Reading Thucydides

I doubt seriously whether a man can think with full wisdom and with deep convictions regarding certain of the basic international issues today who has not at least reviewed in his mind the period of the Peloponnesian War and the Fall of Athens.

George c Marshall

SUMMER ASSIGNMENT 2025: Read Landmark ‘Thucydides’ Books 1, 2, and 3 (to p.219)

When you read, have your pen and journal out for annotation. Overall, you should strive to keep enough notes that allow you to engage in serious discussion of the text at a later date (for us that is in September). Do not skip the introduction. Woodruff provides important information about the text and arguments about it. There are special sections below that address different chapters in Woodruff. It’s important that you approach your reading with some intention.

Remember that we are using the Landmark edition which you may access HERE. In the Fall we shall read and talk through the entire book, but you should front-load by reading Books 1,2, 3 this summer.
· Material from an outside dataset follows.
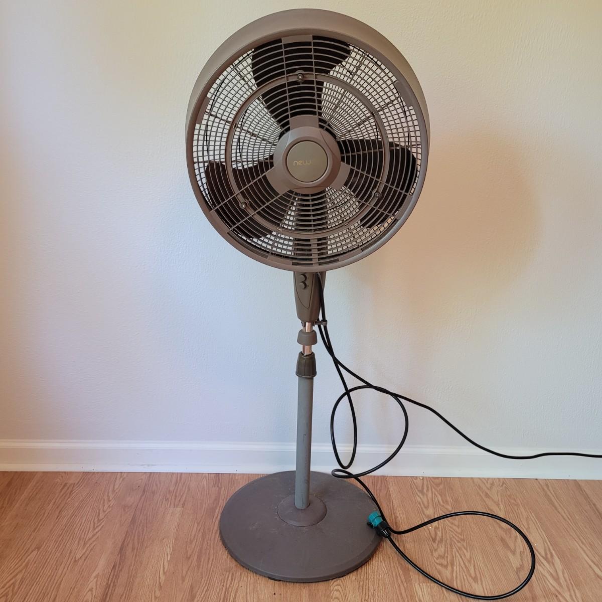 This lot includes a New Air brand 18" outdoor misting fan. This fan was designed for outdoor or patio use. It hooks up to a wall outlet and a hose for an oscillating misting combination. It has three speed settings. One cord for power and one hose for water input. The fan itself measures 18"D x 40"H.
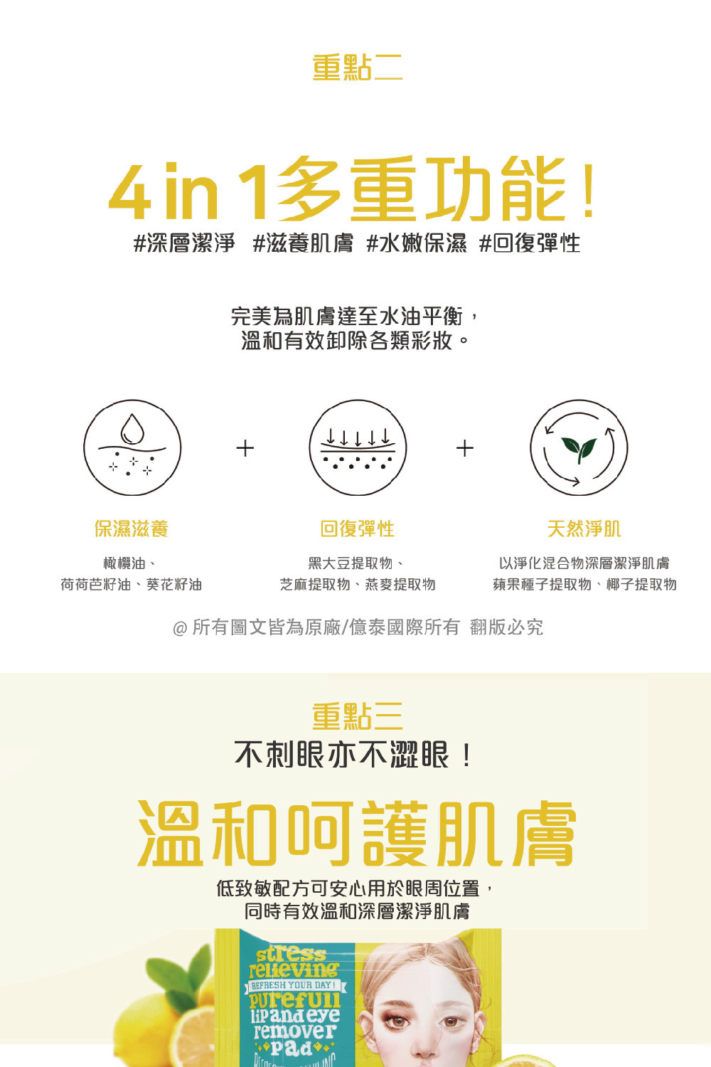 🌿 一片搞定,輕鬆卸妝不殘留! 艾藜兒 淨膚雙面眼唇卸妝棉 (30片),是您的日常卸妝神隊友。 添加 Purefull Cocktail 蔬果植萃與天然精油,溫和卸除防水眼妝與唇妝,同時保濕滋養不乾澀。 雙面設計:壓紋面溶妝、平滑面舒緩擦拭,搭配 pH5.7 弱酸性配方,敏感肌也能安心使用。 便攜包裝,出差旅行必備,輕鬆卸妝零殘留!💧👜

NOTE: read Book One particularly closely as Thucydides lays out his central thematic elements of the entire text here. You should try to identify them — write them in your notes! — as you go along.


Thucydides inhabits a unique place among ancient historians. As a writer he was an astute, ambitious innovator who set new goals for inquiry (‘historia’) into past events.  Even though Herodotus gets credit as the ‘first historian’, it is Thucydides who established some of the core elements of the discipline. For one, although he does not cite them, Thucydides relied solely upon sources (including himself, since he lived through the events about which he writes) and was scrupulous about accuracy. He neither accepted nor rationalized Greek myths. He also sought explanations of causation in nature and men, not in the gods, nor in prophecies like many of the great authors before him, most notably Homer and Herodotus. Unlike Herodotus, therefore, he doesn’t fabricate claims and he leaves the gods (incluing fate/fortune) in their heaven. Thucydides is both founder and one of the greatest thinkers in the discipline of history; he established historical writing in ways that still define the field.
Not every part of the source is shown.